Further Findings by Ian Halbert
Exhibit G: Further evidence can be found in Industrial Food’s “Supermarket Pastoral” – Michael Pollan’s term for the images of rustic barns, cows and farmers used to sell us our heavily processed and industrialized meat and produce.
Exhibit H: But farms have a fighting chance, due in large part to a renewed interest in food and agricultural issues in urban areas. There is a movement to bring the country to the city with vertical gardening and there is also a healthy cohort of young urbanites actually leaving the city for rural areas to revive lost food arts or agricultural practices. Wendell Berry would be the best example of setting a trend years before it became one, by leaving NYC for the confines of Port Royal, KY. Others have followed in suit, if not in style: we have no other comparable body of moral and agrarian writing. Nevertheless, over the years, we have been getting better and better pork, cheese and produce from those willing to take up again responsible agriculture and animal husbandry.

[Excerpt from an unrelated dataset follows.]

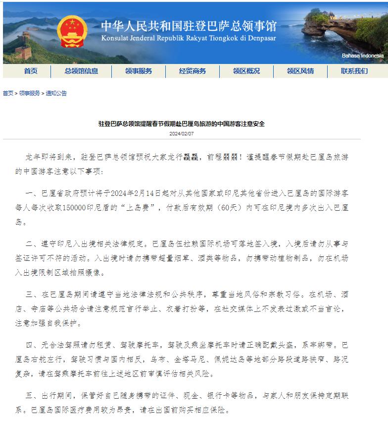 此前,2 月 7 日, 中 国驻登巴萨总领事馆曾提醒春节假期赴巴厘岛旅游的中国游客注意安全。除 " 无合法驾照请勿租赁、驾驶摩 托车 "" 在出国前购买相应保险 " 等内容外,还介绍了以下注意事项: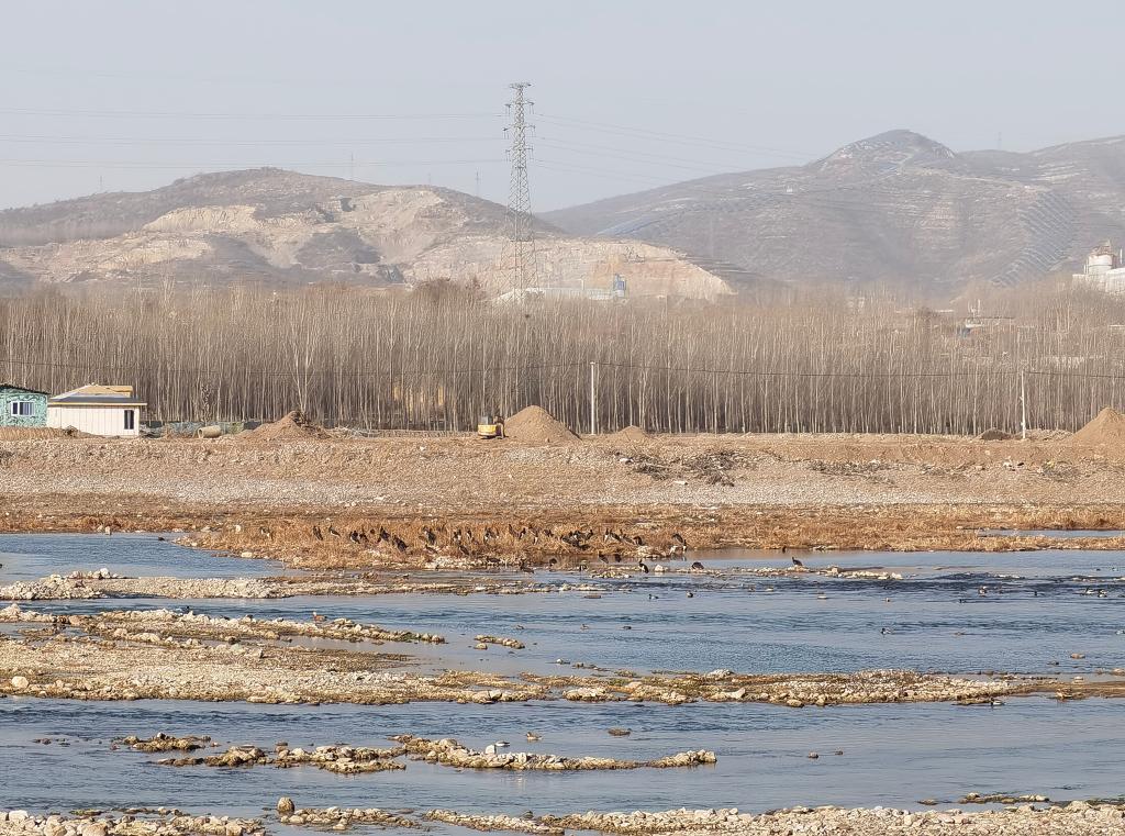 图为冬季的井陉县绵蔓河湿地鸟类成群。(新华社记者杜一方 摄)

You can find a good deal of that artisanal cheese at Formaggio Kitchen. For a brief while, I volunteered on weekends at Formaggio here in Cambridge, MA. Formaggio is easily the largest and most well-regarded cheesemonger in the United States, with an average of almost 300 cheeses from across Europe and the United States regularly in stock, many of which are exclusive to Formaggio. It is also the only cheesemonger in the U.S. which has a cheese cave for aging and finishing the cheeses (a process called affinage, during which every wheel of cheese must be weekly turned and the cave scrubbed of all cheese mites – a chore I have had the pleasure of doing). You can take a video tour of the store here (mid-page).
Exhibit I: Among the American producers whose cheese Forgaggio carries is Twig Farm, located in Vermont and started by Michael Lee and Emily Sunderman. Mr. Lee got his start in cheese managing Formaggio’s sister store in Boston’s South End, before the pair headed north for more rustic digs.
Exhibit J: This phenomenon surrounding cheese is most vividly described by the author Brad Kessler in his wonderful book Goatsong. Mr. Kessler himself left NYC for Vermont to raise goats and make cheese. Part memoir, part history lesson, Goatsong catalogues Kessler’s trouble and joy in raising goats and making cheese. Though the opportunity for Romanticism abounds, Kessler does not skimp on the details of the actual dirt of rural work – as in the following excerpt from his adventure in finding a bull goat to mate with his does:
“Mary Beth approached Goliath. He eyed the does on the opposite side of the fence. Then he reached back toward his stiffened penis, lifted a hind leg, and shot urine into his mouth. Urine dripped down his beard, and he turned and stared at Mary Beth" (pp. 27-28).
From this episode, Kessler goes on to discuss the derivation of the word “horny” and the Graeco-Roman god Pan, famous for his licentiousness. It is a particular strength of Kessler’s book that such episodes of agricultural realia are followed by explorations of the philological, literary, artistic or cultural history of agriculture. The title itself points us toward that end: goatsong is a literal approximation of the Greek word tragoidia or our tragedy. Kessler’s point of view – one shared by an increasing number of urban people – is that art is a product of its environment. Who knows, perhaps among the Vermont cheesemakers there skulks a second Hesiod or Vergil!